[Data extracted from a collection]

________________

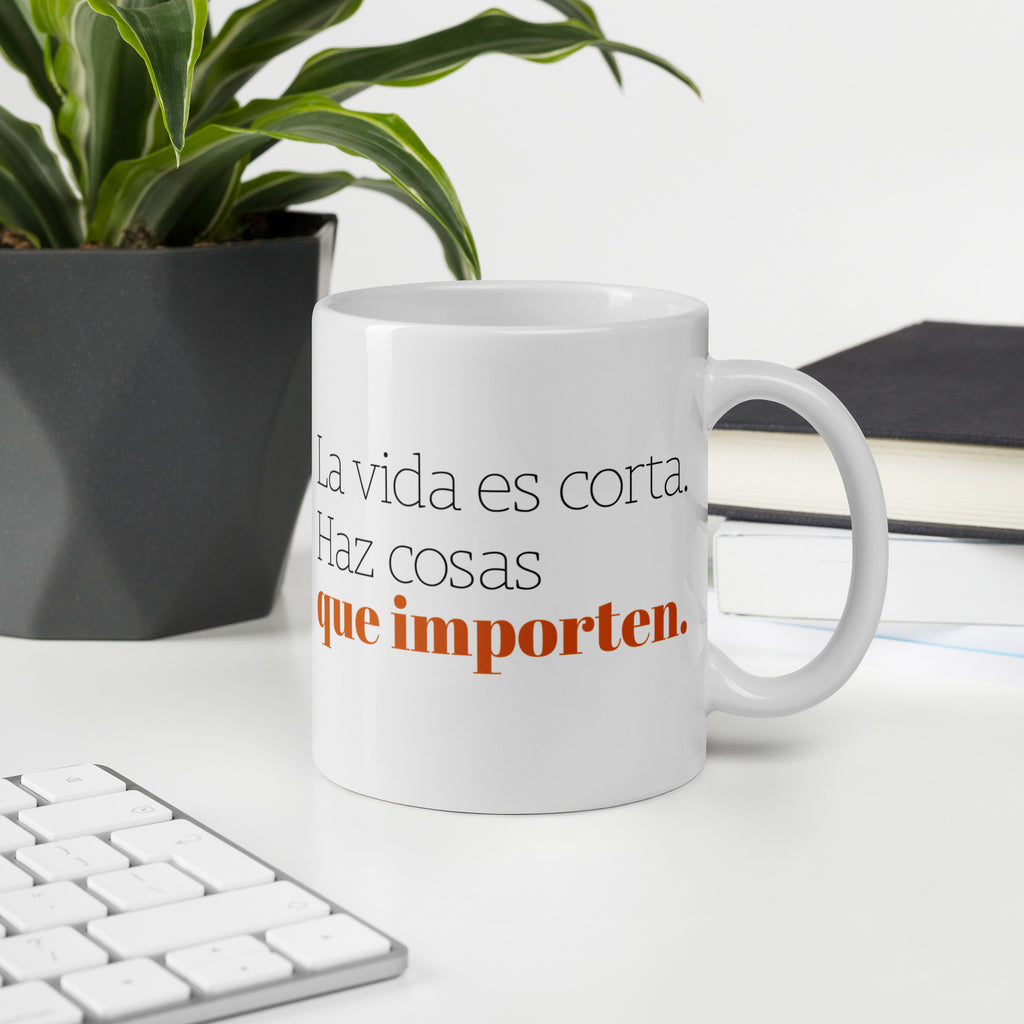 Taza motivacional "La vida es corta. Haz cosas que importen."
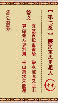 此签有”一念之差”之意。奉劝当事人,三思而行。一般人常对现状有所不满,或羡慕别人的际遇或地位环境,认为样样都比自己好,因此汲汲向外寻求,期望藉此获得另一片发展。人应珍惜现有的环境与资源,知福、惜福。谨记在做任何决定之前,务必慎重思量、仔细评估本身与环境的优弱势,找出最适合自己的定位与方向。切忌一时冲动负气出走,结果恐不如预期,既无法适应发挥所长,又藕断丝连、怀念原先熟悉的事物,将陷入进退两难、后悔莫及之境。
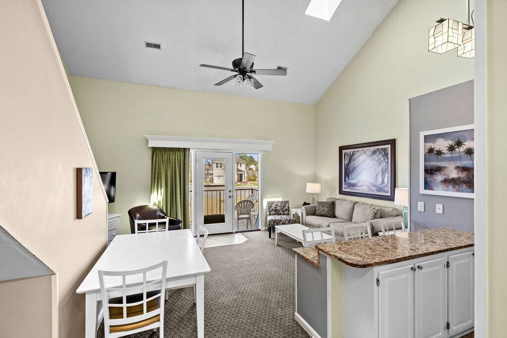 Welcome to Doug's Dune Destination, a family retreat located at Grand Palms of Surfside in the heart of Surfside Beach. Just 1.5 miles from the 16th Ave N beach access, this villa offers plenty of free parking and convenient access to Hwy 17, making it easy to enjoy a night on the town and soak up all that Surfside Beach has to offer. Broadway at the Beach and the Myrtle Beach Boardwalk are only 15 minutes north, while Murrells Inlet, known as the "Seafood Capital of SC," is 15 minutes south. This Grand Palms property is a peaceful retreat away from the cramped beachfront condo scene. Spacious and modern, the villa features 3 beds and 3 full baths, providing plenty of room for the extended family. You can cook gourmet meals in the full-sized and fully stocked kitchen, and enjoy family meals with ample seating. Each guest bedroom has its own private bathroom, with two offering en-suite baths. The villa also includes walk-in closets, premium cable with large flat-screen TVs, complimentary resort Wi-Fi, and a dedicated workspace. Linens for all beds, bath towels, hand towels, and washcloths are provided, along with a roll of paper towels in the kitchen, two rolls of toilet paper per bathroom, hand and dish soaps, and two laundry pods and dish pods, all included with the cleaning fee. Guests are encouraged to bring pool or beach towels. Super light and durable backpack-style beach chairs are available for rent to enhance your stay. Located between Business Hwy 17 and Hwy 17 Bypass, Grand Palms at Deerfield is centrally located in Surfside Beach with easy access to restaurants, shopping, and numerous amenities. Within 3 miles or a 10-minute drive, you'll find three grocery stores, Target, and Walmart. Favorite local restaurants like the Wooden Spoon, Surfside Pizza, The Bar-B-Q House, and Johnny D's Waffles are just around the corner. Additional dining and shopping options are available at the Market Common, perfect for an evening stroll with the family. The property is non-smoking and pets are not permitted. Check-in is between 4:00-10:00 PM and check-out is at 10:00 AM. By state law, occupancy may not exceed 8, including infants and children. Quiet hours are between 11:00 PM and 7:00 AM as per city ordinance. Please do not hang towels or bathing suits on balconies; a dryer is provided in each unit. Charcoal grills are available for use, but portable grills are not permitted on balconies or patios. Parking is available in front of the building without a parking pass requirement. The villa includes a dedicated workspace, complete with complimentary resort Wi-Fi, making it ideal for remote work. [SI]
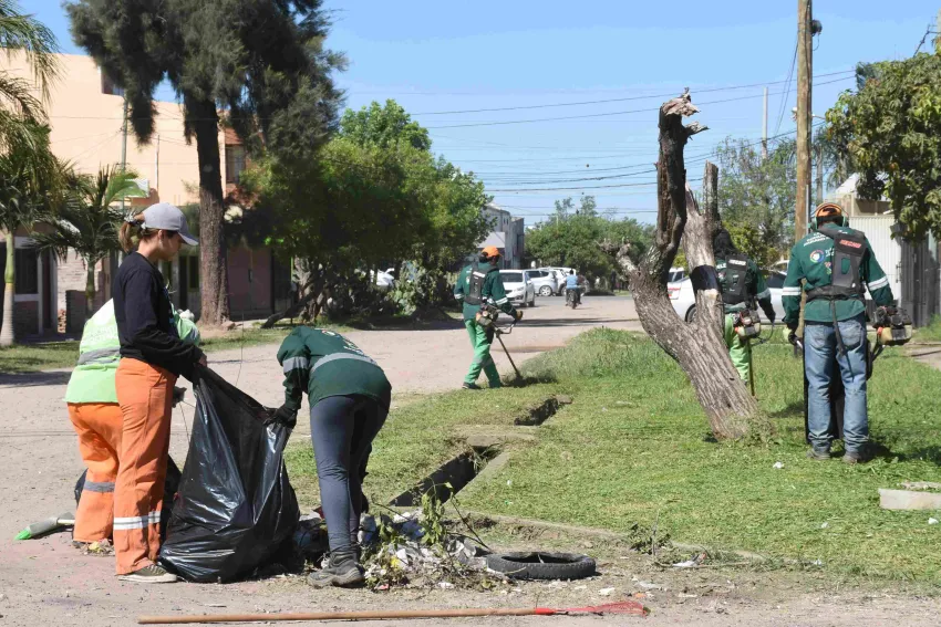 En ese sector de la zona sur de la ciudad se trabajó en el mantenimiento y limpieza de desagües junto a la recolección de residuos dispersos en la vía pública y tareas de desmalezado. Al mismo tiempo los trabajadores comunales llevan a cabo un abordaje sobre un espacio público de avenida Rodríguez Peña y calle 21 para la erradicación y reconversión definitiva de un minibasural.
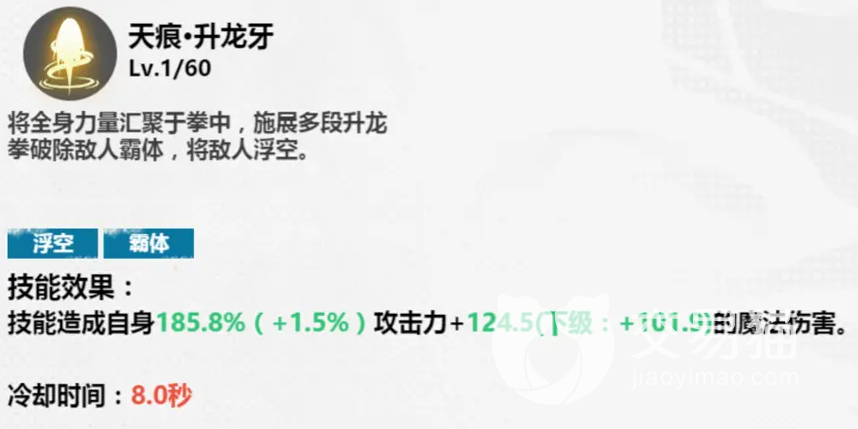 此处有个技能是这会释放出一大片尖刺来对敌人造成持续伤害的,这个就比较适合用来清理那些小怪。而他的天痕升龙牙技能是可以将敌人的霸体形态击破的,这可以说是此角色的核心能力了,还能够产生较高的伤害。

________________

TASK:
Write out every record above exactly as it stands, but leave out the pictures.

RESULT BELOW:
 Taza motivacional "La vida es corta. Haz cosas que importen."
 此签有”一念之差”之意。奉劝当事人,三思而行。一般人常对现状有所不满,或羡慕别人的际遇或地位环境,认为样样都比自己好,因此汲汲向外寻求,期望藉此获得另一片发展。人应珍惜现有的环境与资源,知福、惜福。谨记在做任何决定之前,务必慎重思量、仔细评估本身与环境的优弱势,找出最适合自己的定位与方向。切忌一时冲动负气出走,结果恐不如预期,既无法适应发挥所长,又藕断丝连、怀念原先熟悉的事物,将陷入进退两难、后悔莫及之境。
 Welcome to Doug's Dune Destination, a family retreat located at Grand Palms of Surfside in the heart of Surfside Beach. Just 1.5 miles from the 16th Ave N beach access, this villa offers plenty of free parking and convenient access to Hwy 17, making it easy to enjoy a night on the town and soak up all that Surfside Beach has to offer. Broadway at the Beach and the Myrtle Beach Boardwalk are only 15 minutes north, while Murrells Inlet, known as the "Seafood Capital of SC," is 15 minutes south. This Grand Palms property is a peaceful retreat away from the cramped beachfront condo scene. Spacious and modern, the villa features 3 beds and 3 full baths, providing plenty of room for the extended family. You can cook gourmet meals in the full-sized and fully stocked kitchen, and enjoy family meals with ample seating. Each guest bedroom has its own private bathroom, with two offering en-suite baths. The villa also includes walk-in closets, premium cable with large flat-screen TVs, complimentary resort Wi-Fi, and a dedicated workspace. Linens for all beds, bath towels, hand towels, and washcloths are provided, along with a roll of paper towels in the kitchen, two rolls of toilet paper per bathroom, hand and dish soaps, and two laundry pods and dish pods, all included with the cleaning fee. Guests are encouraged to bring pool or beach towels. Super light and durable backpack-style beach chairs are available for rent to enhance your stay. Located between Business Hwy 17 and Hwy 17 Bypass, Grand Palms at Deerfield is centrally located in Surfside Beach with easy access to restaurants, shopping, and numerous amenities. Within 3 miles or a 10-minute drive, you'll find three grocery stores, Target, and Walmart. Favorite local restaurants like the Wooden Spoon, Surfside Pizza, The Bar-B-Q House, and Johnny D's Waffles are just around the corner. Additional dining and shopping options are available at the Market Common, perfect for an evening stroll with the family. The property is non-smoking and pets are not permitted. Check-in is between 4:00-10:00 PM and check-out is at 10:00 AM. By state law, occupancy may not exceed 8, including infants and children. Quiet hours are between 11:00 PM and 7:00 AM as per city ordinance. Please do not hang towels or bathing suits on balconies; a dryer is provided in each unit. Charcoal grills are available for use, but portable grills are not permitted on balconies or patios. Parking is available in front of the building without a parking pass requirement. The villa includes a dedicated workspace, complete with complimentary resort Wi-Fi, making it ideal for remote work. [SI]
 En ese sector de la zona sur de la ciudad se trabajó en el mantenimiento y limpieza de desagües junto a la recolección de residuos dispersos en la vía pública y tareas de desmalezado. Al mismo tiempo los trabajadores comunales llevan a cabo un abordaje sobre un espacio público de avenida Rodríguez Peña y calle 21 para la erradicación y reconversión definitiva de un minibasural.
 此处有个技能是这会释放出一大片尖刺来对敌人造成持续伤害的,这个就比较适合用来清理那些小怪。而他的天痕升龙牙技能是可以将敌人的霸体形态击破的,这可以说是此角色的核心能力了,还能够产生较高的伤害。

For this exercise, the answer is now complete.